# RECORDS:
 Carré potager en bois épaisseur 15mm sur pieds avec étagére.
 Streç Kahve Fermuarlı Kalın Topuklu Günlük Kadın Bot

--

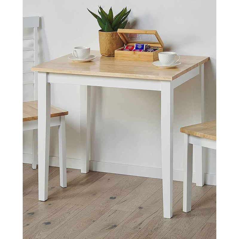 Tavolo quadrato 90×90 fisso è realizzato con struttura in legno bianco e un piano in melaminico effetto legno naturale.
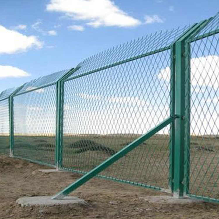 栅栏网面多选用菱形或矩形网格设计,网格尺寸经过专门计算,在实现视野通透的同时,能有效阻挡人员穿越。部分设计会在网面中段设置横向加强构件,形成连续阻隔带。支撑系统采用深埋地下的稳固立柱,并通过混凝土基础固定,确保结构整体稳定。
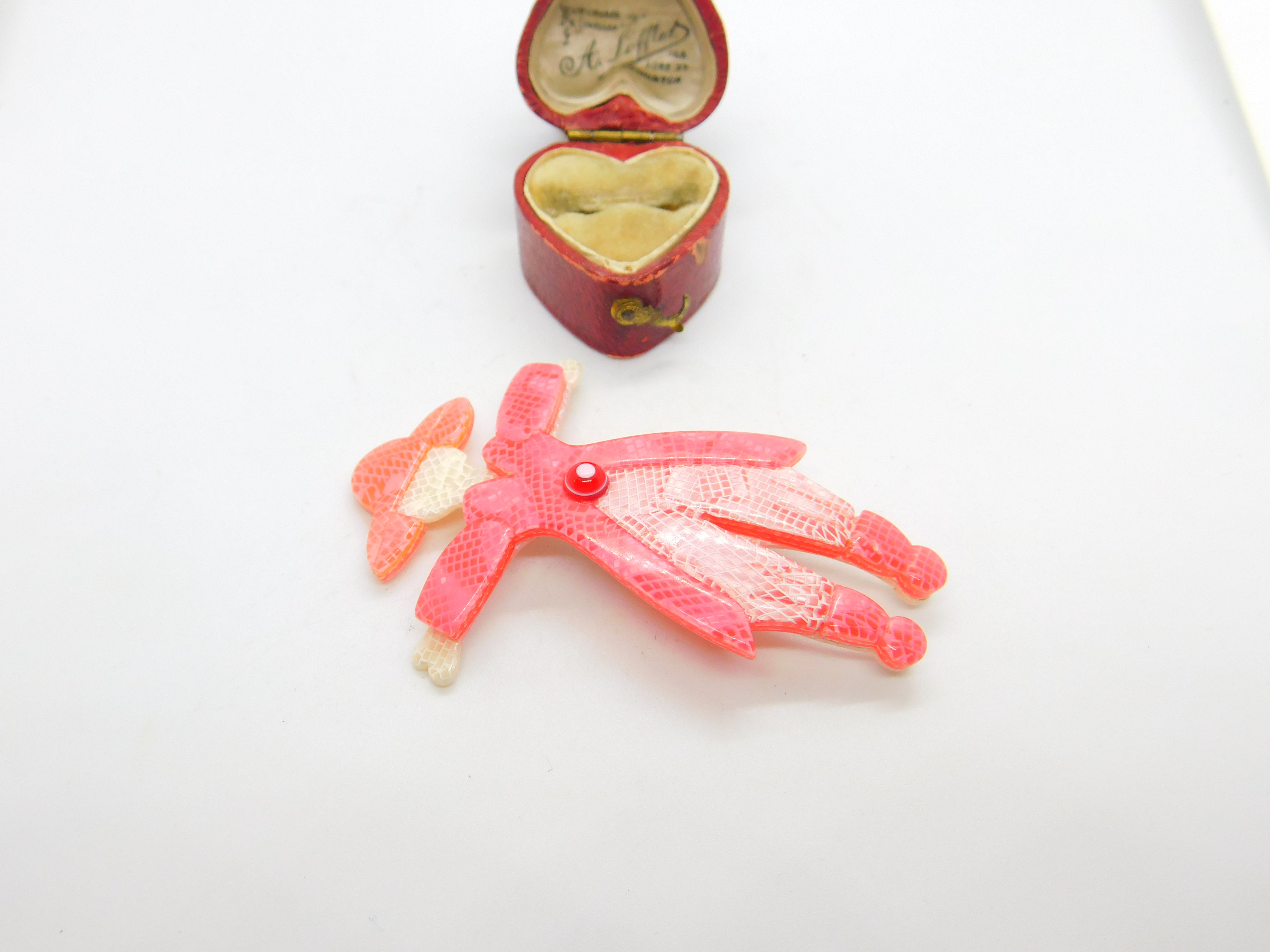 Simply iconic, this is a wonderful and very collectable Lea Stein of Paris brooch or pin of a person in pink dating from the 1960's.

# EXERCISE OBJECTIVE:
In the records above, find the line with "Carré potager en"; write out exactly that line and each one after it, stopping after the line with "Streç Kahve Fermuarlı".

# RESPONSE TO THIS EXERCISE:
 Carré potager en bois épaisseur 15mm sur pieds avec étagére.
 Streç Kahve Fermuarlı Kalın Topuklu Günlük Kadın Bot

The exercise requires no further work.